KPR - 3 : Jour 119 I Borovac - Keqekölle

Je ne veux pas manquer le lever du soleil. Il sera là à 4h30. Très lentement ses rayons commencent à dévoiler l'environnement. Mile est là aussi, au moment des "au-revoir" il a l'oeil qui brille. On se serre deux fois dans les bras. J'aimerais revenir : le paysage est magnifique. Il n'y a quasiment rien d'autre que la nature. Je dévale dans la forêt et me réjouis de la descente. Il y a bien quelques moments d'incertitude à propos du chemin à prendre car la signalétique est rare. Je dois donc faire confiance à mon instinct. Je teste la direction puis je reviens sur mes pas, plusieurs fois. Puis je décide de m'engager et je reprends confiance. C'est très calme, un immense silence m'entoure.

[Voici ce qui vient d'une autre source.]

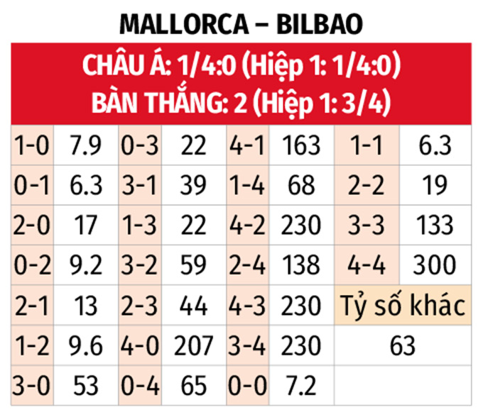 - Mallorca thắng châu Á: Mallorca thắng châu Á 5/8 trận sân nhà gần đây. Với Bilbao, đội khách không thắng châu Á 6 trận liên tiếp, trong đó có 5 trận thua và 1 trận hòa. Mallorca toàn thắng châu Á 4 trận tiếp đón Bilbao gần nhất được nhường 1/4 trái như trận này.
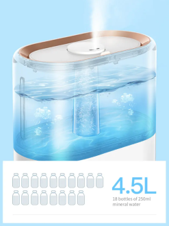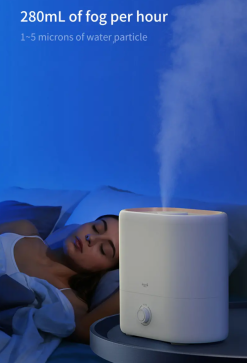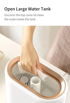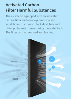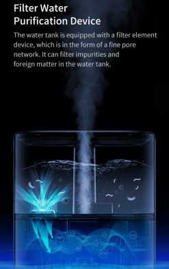 Có thể thêm nước từ phía trên. Dễ dàng vệ sinh bình chứa. Bộ lọc nước than hoạt tính. Dung tích bình chứa lớn, có thể hoạt động liên tục trong 12 tiếng. Điều chỉnh hướng phun sương 360 độ. Điều chỉnh mức độ phun sương với núm xoay 3 cấp độ. Màu sắc trang nhã, lịch sự.
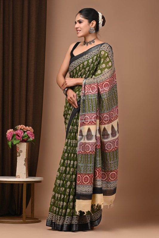 This Olive Green and Multicolor Hand Block Printed Cotton Saree with Black Border and Patterned Pallu is a beautiful blend of traditional artistry and modern elegance, crafted to bring effortless charm to your wardrobe. Made from soft, breathable cotton, the saree drapes gracefully and offers all-day comfort, making it perfect for both daily wear and special occasions. The rich olive green base is adorned with intricate hand block prints that reflect the skill and heritage of artisan craftsmanship, giving the saree a unique, authentic appeal. The striking black border adds definition and contrast, enhancing the overall sophistication of the look. The highlight of the saree is its vibrant multicolor patterned pallu, featuring detailed motifs and ethnic designs that add depth, color, and cultural richness. Whether paired with oxidized jewelry for a traditional touch or minimal accessories for a contemporary look, this saree effortlessly elevates your style with its blend of elegance, comfort, and handcrafted beauty. It is a timeless piece that celebrates the essence of Indian textile tradition while offering a refined, stylish presence for any occasion.
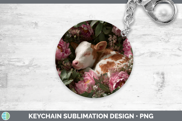 Cow Keychain Animals Floral Sleeping Sublimation Keyring Des
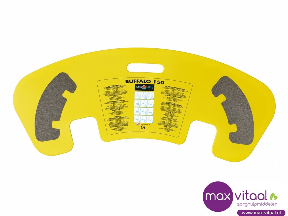 De felgekleurde Buffalo transferplank heeft twee inkepingen om maximale stabiliteit en veiligheid te garanderen tijdens een transfer. De transferplank met glijoppervlak is gemaakt van synthetische vezels. Door de composietvezels kan een maximale weerstand gegarandeerd worden en komen er geen krassen op het oppervlak van de plank, wat bij andere materialen na verloop van tijd wel het geval is.
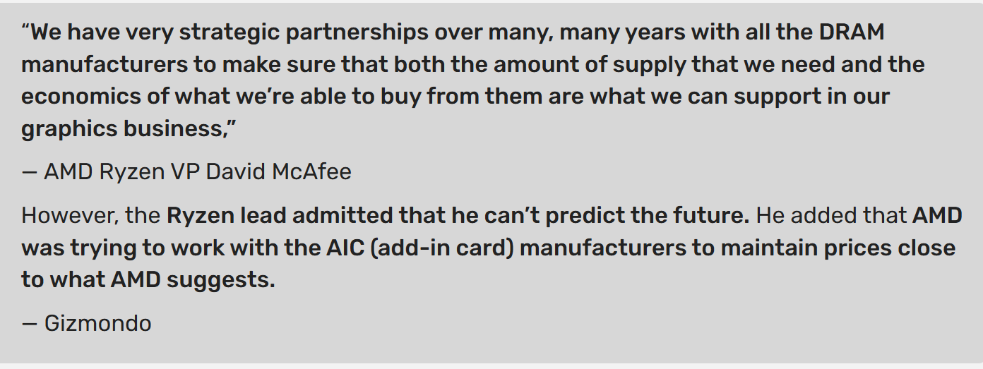 AMD bendradarbiauja su ilgalaikiais DRAM tiekėjais ir savo partneriais, siekdama užtikrinti tiekimą ir kontroliuoti vaizdo plokščių kainas. McAfee taip pat sakė, kad bendrovė negali prognozuoti, kaip keisis atminties kainos, todėl sunku duoti tvirtus pažadus mažmeninei rinkai.
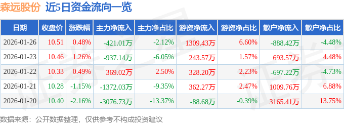 证券之星消息,截至2026年1月26日收盘,森远股份(300210)报收于10.51元,上涨0.48%,换手率3.92%,成交量18.96万手,成交额1.98亿元。
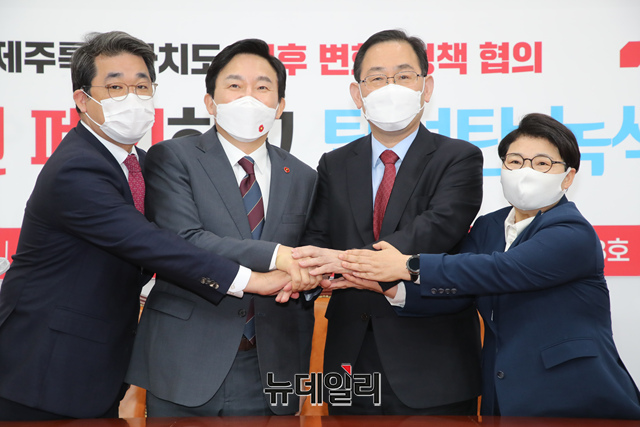 주호영 국민의힘 대표 권한대행, 원희룡 제주특별자치도지사 및 참석자들이 15일 국회에서 열린 국민의힘-제주특별자치도 '기후 변화' 정책 협의에서 기념촬영을 하고 있다. (사진=국민의힘)

Il y a une seule maison dans le fond de la vallée avec le faire-part d'une dame décédée. Il faut que je remonte pour atteindre les prochaines cimes. Des chiens  viennent me sentir à distance et prévenir de ma présence. Un troupeau de moutons se régale dans le pré. Il me faut encore quelques heures avant d'atteindre la frontière  Mutivode.
Amusant, je me fais dépasser par des voitures aux plaques suisses : BE, VD, FR, VS, ZH, SG,SZ, JU, GE. Ce sont des Albanais du Kosovo qui rentrent en Suisse après des vacances au pays.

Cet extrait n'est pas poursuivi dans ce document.